**Given material**:
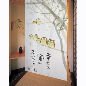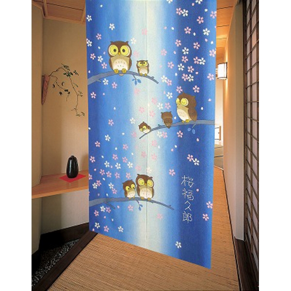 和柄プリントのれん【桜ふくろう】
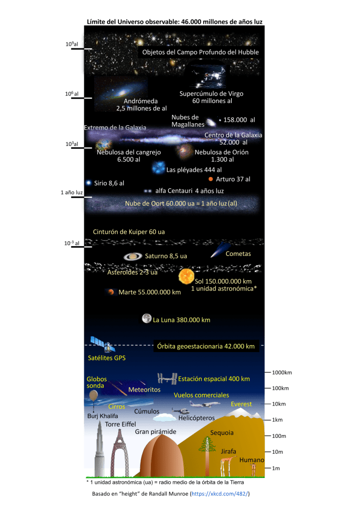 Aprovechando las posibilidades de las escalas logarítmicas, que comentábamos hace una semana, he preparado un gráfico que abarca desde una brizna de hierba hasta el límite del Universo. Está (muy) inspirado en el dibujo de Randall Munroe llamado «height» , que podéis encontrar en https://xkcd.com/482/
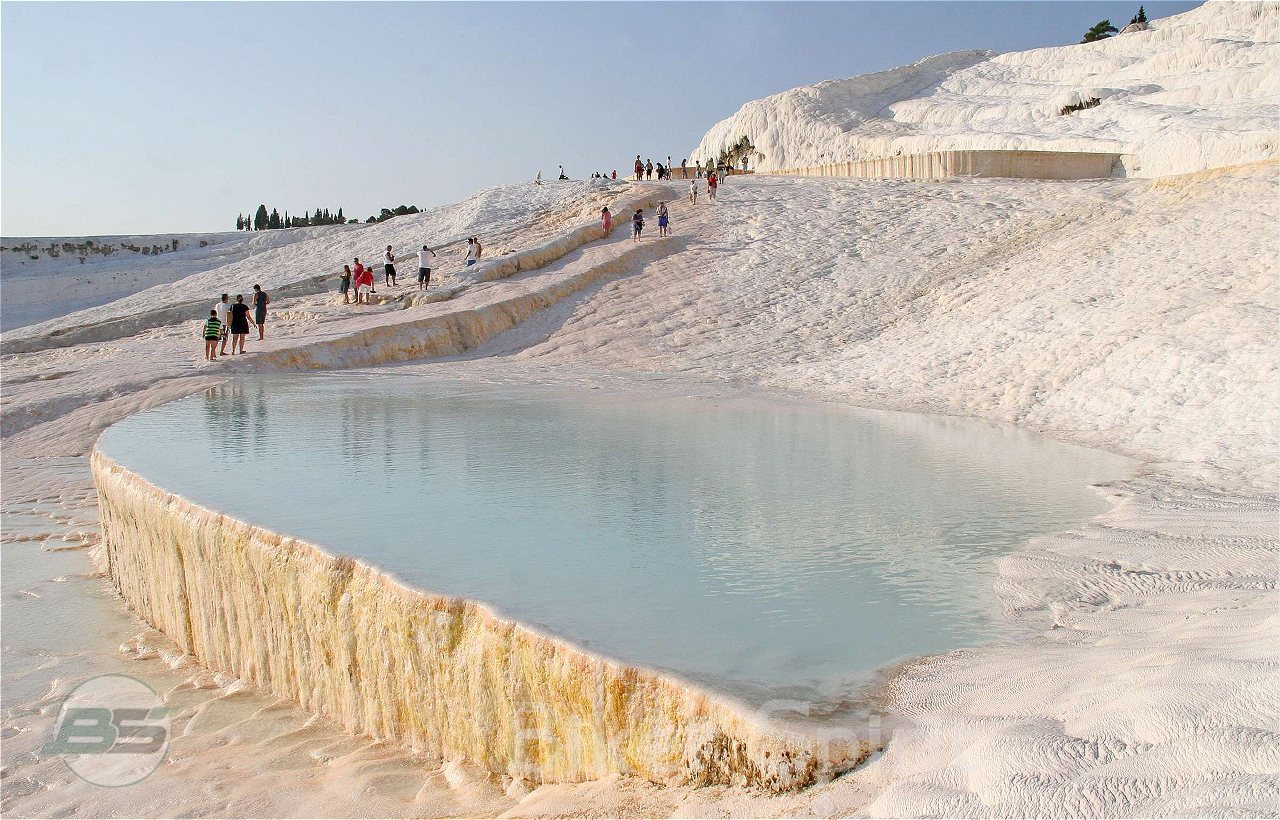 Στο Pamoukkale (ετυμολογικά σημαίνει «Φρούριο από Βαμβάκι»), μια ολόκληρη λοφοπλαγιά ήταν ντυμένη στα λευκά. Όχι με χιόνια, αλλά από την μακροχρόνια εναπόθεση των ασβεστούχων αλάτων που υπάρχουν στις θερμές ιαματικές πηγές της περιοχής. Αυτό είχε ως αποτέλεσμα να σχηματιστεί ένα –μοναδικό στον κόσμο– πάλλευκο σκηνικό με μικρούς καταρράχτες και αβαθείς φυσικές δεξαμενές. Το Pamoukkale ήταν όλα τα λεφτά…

**Instructions for the task**: The copy should run from the first line of the material above through the line with "Aprovechando las posibilidades", repeated exactly and without pictures.

**Task response**:
 和柄プリントのれん【桜ふくろう】
 Aprovechando las posibilidades de las escalas logarítmicas, que comentábamos hace una semana, he preparado un gráfico que abarca desde una brizna de hierba hasta el límite del Universo. Está (muy) inspirado en el dibujo de Randall Munroe llamado «height» , que podéis encontrar en https://xkcd.com/482/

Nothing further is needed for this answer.